Su breve escena inicial nos presenta ya, entre la comedia y la alegoría, al agente provocador que servirá como motor de la acción dramática: Winfried, un profesor retirado de música en quien son visibles las marcas de la contracultura sesentayochista. Cuando llega a su casa un repartidor que -apresurado y tecnologizado- le trae un paquete de Amazon, Winfried se disfraza de su presunto hermano Toni, «recién salido de la cárcel por enviar paquetes-bomba». Atribulado y con el paquete en la mano, el repartidor no sabe qué decir mientras nuestro hombre pone su show en escena antes de disculparse amablemente. He ahí alguien que vive a otro ritmo, quizá en otro tiempo, extrañado ante una realidad social con la que trata de entablar un diálogo de besugos. Nuestro hombre vive solo con su perro, viste con desaliño y lleva siempre en el bolsillo una dentadura postiza; da clases de piano y visita a su madre anciana. La ambivalencia es clara: se trata de un hombre cálido pero a ratos pueril, cuidadoso de los demás y sin embargo extenuante. Cuando acude a casa de su ex-mujer para ver a la hija de ambos, que está de visita, averiguamos que está divorciado y que su sucesor es lo que él jamás será: sofisticado, impecable, previsible. Así pues, Winfried mantiene un precario equilibrio vital y está listo para darse a la fuga. Tras la muerte de su perro, encontrará una buena razón -o un buen pretexto- para emprenderla: la necesidad de ayudar a su hija.

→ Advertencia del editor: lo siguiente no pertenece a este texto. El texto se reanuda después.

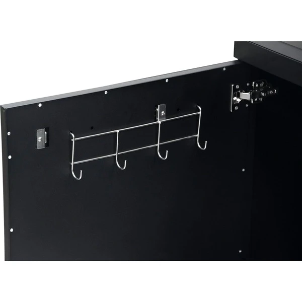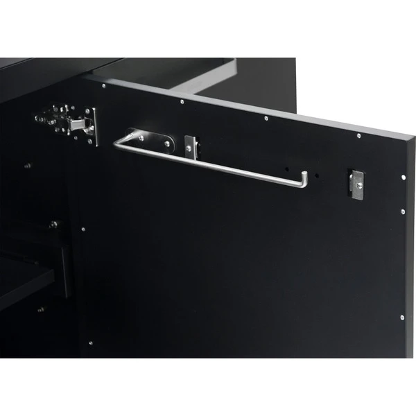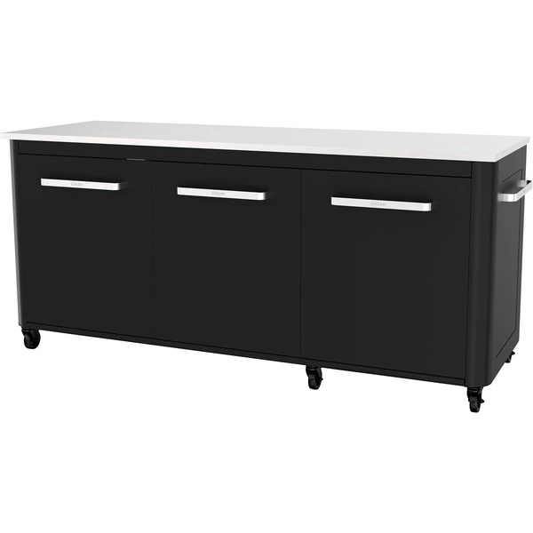 Der Cozze Tisch für die Außenküche aus verzinktem lackiertem schwarzem Stahl besitzt eingebaute Mülleimer und 3 Türen, sowie sechs starke Räder mit 75 mm Durchmesser, die elektroverzinkt sind und eine schwarzer Pulverbeschichtung haben. Zur weiteren Ausstattung gehört eine Glasflaschenhalterung.Art.-Nr.: 1904637

A Inés la hemos conocido en casa de su madre, donde no para de hablar por teléfono con otros miembros de la consultora para la que trabaja en Bucarest, pendiente como está de un posible ascenso largamente ambicionado. Es visible la tirantez con su padre, testimonio de un pasado que presumimos difícil debido a la aparente incompatibilidad de sus caracteres; hay entre ambos, en definitiva, un trabajo pendiente. Winfried, que se presenta con el rostro pintado de negro tras participar en una representación infantil (su explicación es que ha aceptado trabajar en una residencia de ancianos a 50 euros el muerto), plantea la posibilidad de visitar a su hija y ella responde distraídamente que lo haga cuando quiera. Dicho y hecho: la misma Inés que no ha puesto mayor interés en visitar a su abuela en Alemania se encontrará con la desestabilizadora presencia de su padre en Bucarest, mientras trata de asegurar su ascenso en los momentos más delicados de su encargo empresarial: facilitar el despido de cientos de trabajadores de la petrolera Darcoil. Winfried alega que no avisó de su visita por tratarse de «una decisión espontánea», que es como explica todas sus acciones a lo largo del metraje: el contraste con el mundo pautado en que se desenvuelve su hija, donde la performance de cada trabajador es evaluada a diario, no puede ser mayor.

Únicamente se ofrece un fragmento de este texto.